▶ _DATA SEGMENT_:
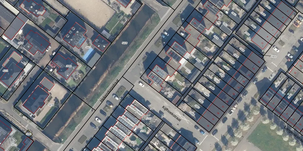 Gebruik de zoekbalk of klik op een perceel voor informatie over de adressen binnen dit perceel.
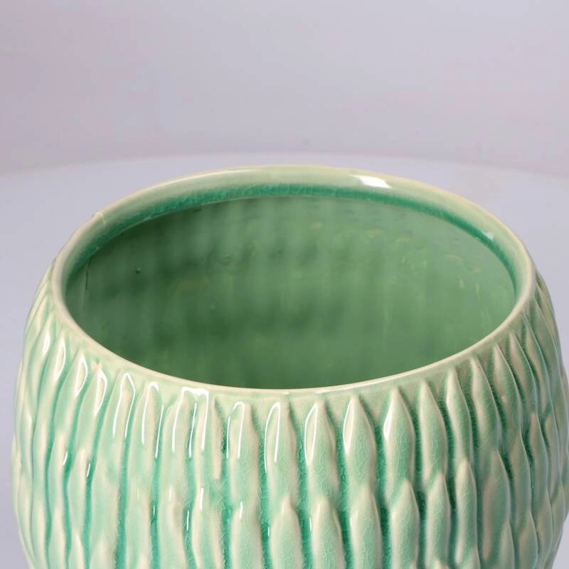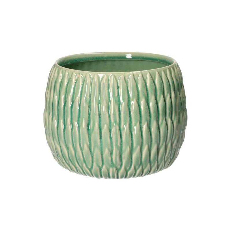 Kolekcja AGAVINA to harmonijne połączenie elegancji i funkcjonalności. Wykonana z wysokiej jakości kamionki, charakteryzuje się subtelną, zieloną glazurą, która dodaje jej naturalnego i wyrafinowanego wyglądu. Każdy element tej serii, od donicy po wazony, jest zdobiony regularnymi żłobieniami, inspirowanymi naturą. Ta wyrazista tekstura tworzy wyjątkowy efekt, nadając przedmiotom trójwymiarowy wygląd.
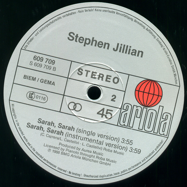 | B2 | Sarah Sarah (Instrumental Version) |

▶ _PROBLEM DETAILS_:
From the line containing "Kolekcja AGAVINA to" through the last line of the data above, write out every line word for word, and nothing else. Do not include the pictures.

▶ _TASK RESPONSE_:
 Kolekcja AGAVINA to harmonijne połączenie elegancji i funkcjonalności. Wykonana z wysokiej jakości kamionki, charakteryzuje się subtelną, zieloną glazurą, która dodaje jej naturalnego i wyrafinowanego wyglądu. Każdy element tej serii, od donicy po wazony, jest zdobiony regularnymi żłobieniami, inspirowanymi naturą. Ta wyrazista tekstura tworzy wyjątkowy efekt, nadając przedmiotom trójwymiarowy wygląd.
 | B2 | Sarah Sarah (Instrumental Version) |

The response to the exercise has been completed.